Method of Transferring Patterned Micro-LED Die onto a Silicon Carrier for Wafer-to-Wafer Hybrid Bonding to a CMOS Backplane

Organization Name

apple inc.

Inventor(s)

Justin S. Brockman of Palo Alto CA (US)

Fang Ou of San Jose CA (US)

Lina He of San Jose CA (US)

Dmitry S. Sizov of Cupertino CA (US)

Lei Zhang of Albuquerque NM (US)

Method of Transferring Patterned Micro-LED Die onto a Silicon Carrier for Wafer-to-Wafer Hybrid Bonding to a CMOS Backplane - A simplified explanation of the abstract

This abstract first appeared for US patent application 20240097087 titled 'Method of Transferring Patterned Micro-LED Die onto a Silicon Carrier for Wafer-to-Wafer Hybrid Bonding to a CMOS Backplane

Simplified Explanation

The abstract describes optoelectronic structures and methods of formation, including a backplane with driving circuitry and an array of contact pads, and a device layer bonded to the backplane. The device layer includes micro-sized diodes, landing pads, and a reconstituted wiring layer with via contacts connected to the landing pads. The reconstituted wiring layer is directly bonded to the array of contacts with metal-metal bonds, allowing for decoupling of the placement distribution of landing pads from the position distribution of via contacts.

• Optoelectronic structure with backplane, driving circuitry, contact pads, device layer, micro-sized diodes, landing pads, and reconstituted wiring layer.
• Direct bonding of reconstituted wiring layer with metal-metal bonds to contact pads.
• Decoupling of placement distribution of landing pads from position distribution of via contacts.

Potential Applications

This technology could be applied in:

• LED displays
• Photovoltaic cells
• Optical sensors

Problems Solved

This technology solves issues related to:

• Efficient bonding of device layers to backplanes
• Precise positioning of micro-sized components
• Simplifying wiring connections in optoelectronic structures

Benefits

The benefits of this technology include:

• Improved performance of optoelectronic devices
• Enhanced reliability and durability
• Simplified manufacturing processes

Potential Commercial Applications

Commercial applications of this technology could include:

• Consumer electronics
• Automotive lighting systems
• Medical devices

Possible Prior Art

One possible prior art could be the use of flip-chip bonding in optoelectronic devices to achieve direct connections between device layers and backplanes.

What materials are used for the metal-metal bonds in this technology?

The materials used for the metal-metal bonds in this technology are not specified in the abstract.

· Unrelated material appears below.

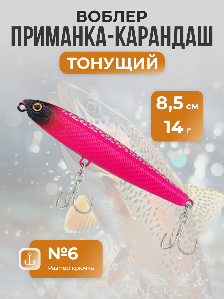 Воблер приманка-карандаш, тонущая, с системой гравитационной передачи 8,5 см/14 г, розовая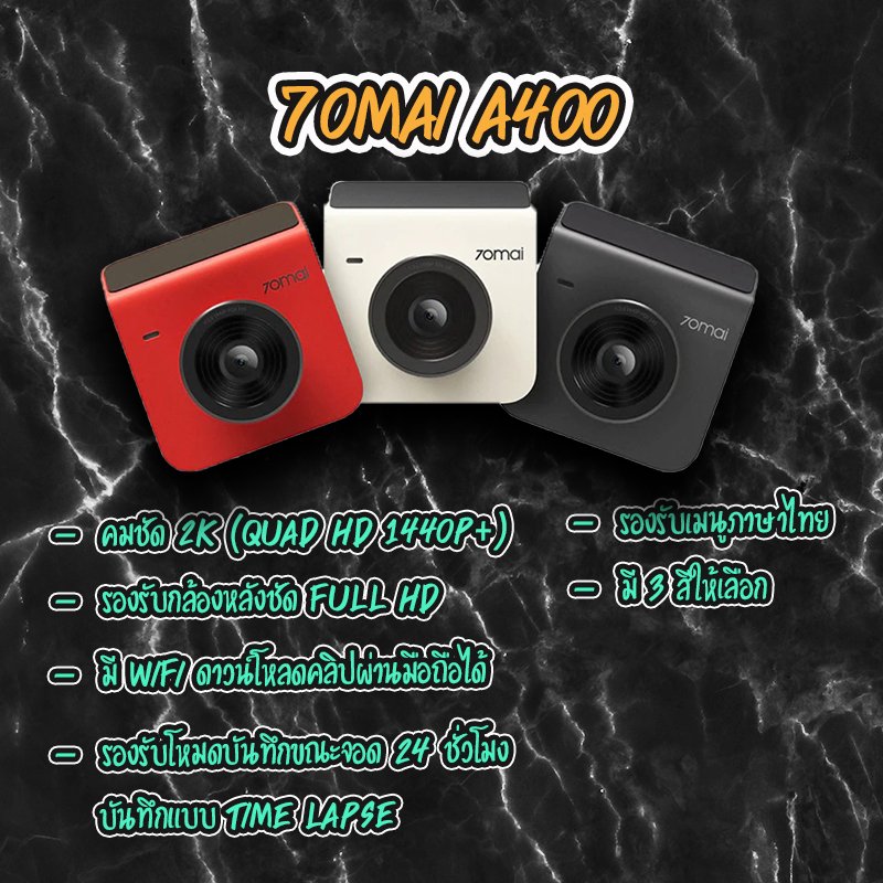 น้องใหม่มาแรงจาก 70Mai ที่เน้นดีไซน์โฉบเฉี่ยว ขนาดกล้องไม่เล็กไม่ใหญ่จนเกินไป และมีมาให้เลือกกันถึง 3 สี A400เหมาะกับไลฟ์สไตล์ยุคใหม่ที่คนรักรถต้องชอบแน่นอนครับ (กล้องรุ่นอื่นๆแทบจะไม่มีรุ่นไหนผลิตออกมาหลากหลายสีสันแบบรุ่นนี้เลยครับ) ที่สำคัญเลย A400 รุ่นนี้เค้ารองรับเมนูภาษาไทยมาให้ ใช้งานง่าย เหมาะกับใครหลายๆคนที่รอคอยกล้องติดหน้ารถจาก 70Mai ที่ใช้งานเป็นภาษาไทยเลยครับ

Further details may be provided in the full patent application or related documents.

How does the decoupling of placement distribution benefit the overall performance of the optoelectronic structure?

The decoupling of placement distribution allows for more flexibility in designing and optimizing the layout of the optoelectronic structure. This can lead to improved efficiency, reliability, and performance of the device by enabling better control over the positioning of components and connections.

Original Abstract Submitted

optoelectronic structures and methods of formation are described. in an embodiment, an optoelectronic structure includes a backplane with a driving circuitry and an array of contact pads, and a device layer bonded to the backplane. the device layer may include an array of micro-sized diodes and landing pads, and a reconstituted wiring layer including an array of via contacts connected to the array of landing pads. the reconstituted wiring layer can be directly bonded with the array of contacts with metal-metal bonds. a placement distribution of the array of landing can be decoupled from a position distribution of the array of via contacts.